# [Problem to solve]
Should the listing contain images, exclude them; give the rest again exactly.

# [Source data]
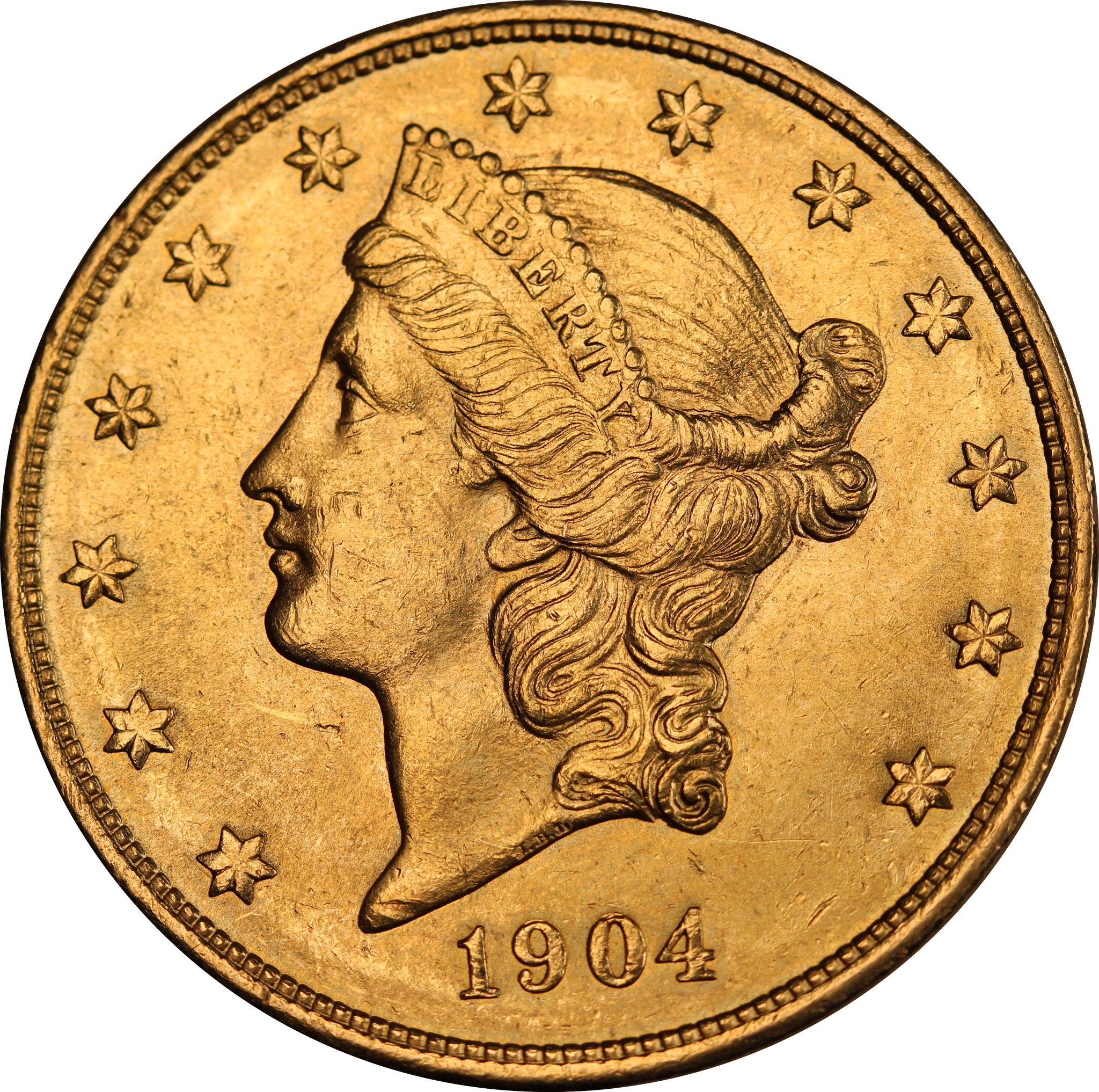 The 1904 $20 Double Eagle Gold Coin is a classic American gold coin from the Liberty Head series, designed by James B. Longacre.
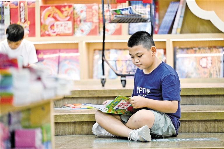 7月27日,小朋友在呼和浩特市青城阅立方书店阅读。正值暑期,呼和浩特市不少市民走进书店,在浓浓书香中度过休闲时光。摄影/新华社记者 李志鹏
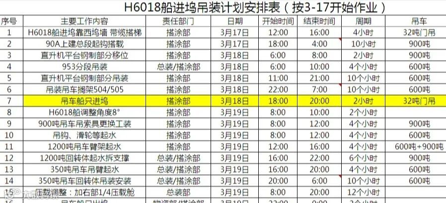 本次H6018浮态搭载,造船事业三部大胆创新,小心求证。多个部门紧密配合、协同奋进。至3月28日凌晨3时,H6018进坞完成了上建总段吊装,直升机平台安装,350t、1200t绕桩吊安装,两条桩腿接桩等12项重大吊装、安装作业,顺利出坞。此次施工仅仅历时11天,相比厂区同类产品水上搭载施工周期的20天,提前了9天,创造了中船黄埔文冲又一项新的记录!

# [Problem solution]
 The 1904 $20 Double Eagle Gold Coin is a classic American gold coin from the Liberty Head series, designed by James B. Longacre.
 7月27日,小朋友在呼和浩特市青城阅立方书店阅读。正值暑期,呼和浩特市不少市民走进书店,在浓浓书香中度过休闲时光。摄影/新华社记者 李志鹏
 本次H6018浮态搭载,造船事业三部大胆创新,小心求证。多个部门紧密配合、协同奋进。至3月28日凌晨3时,H6018进坞完成了上建总段吊装,直升机平台安装,350t、1200t绕桩吊安装,两条桩腿接桩等12项重大吊装、安装作业,顺利出坞。此次施工仅仅历时11天,相比厂区同类产品水上搭载施工周期的20天,提前了9天,创造了中船黄埔文冲又一项新的记录!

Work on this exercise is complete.